*** Opening of Dataset section ***
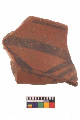 | Description / विवरण | Specimen of potsherd with black decorative geometric Linear painting, Type Black on Red Ware . |
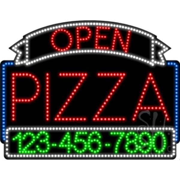 Everything Neon L100-6245 24 x 31 x 1 in. Pizza Open with Phone Number Animated LED Sign - Red, White & Blue
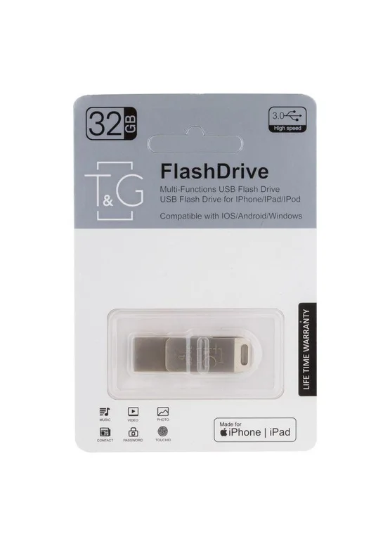 Флеш-драйв T&G 008 Metal series USB 3.0 - Lightning 32GB Серебряный
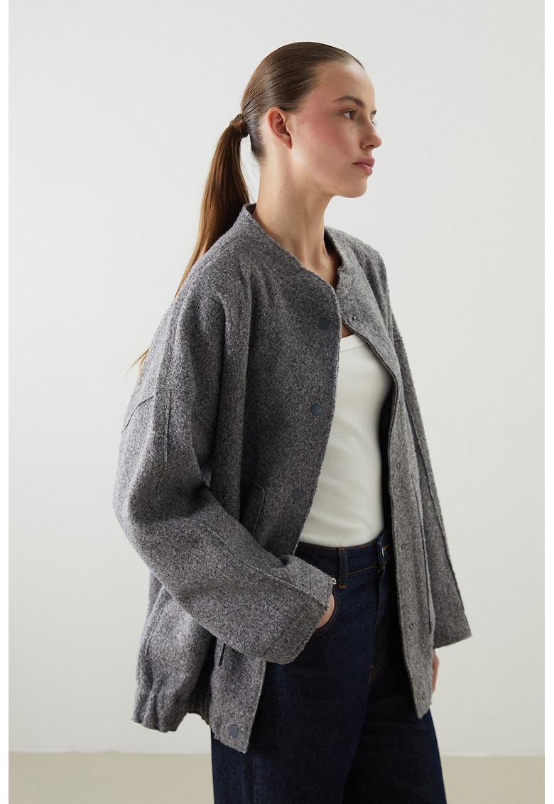Caracteristici Tip produs: jacheta Culoare: gri inchis melange Imprimeu: uni Material: sintetic Croiala: supradimensionat Guler: baseball Gluga: fara gluga Lungime maneca: maneca lunga Buzunare: aplicatie frontala Sistem inchidere: capse Compozitie Exterior: 100% poliester
*** Close of Dataset section ***
Please give again, word for word, the lines from the one containing "Флеш-драйв T&G 008" through the last line of the listing above, inclusive, and leave out pictures.

 Флеш-драйв T&G 008 Metal series USB 3.0 - Lightning 32GB Серебряный
Caracteristici Tip produs: jacheta Culoare: gri inchis melange Imprimeu: uni Material: sintetic Croiala: supradimensionat Guler: baseball Gluga: fara gluga Lungime maneca: maneca lunga Buzunare: aplicatie frontala Sistem inchidere: capse Compozitie Exterior: 100% poliester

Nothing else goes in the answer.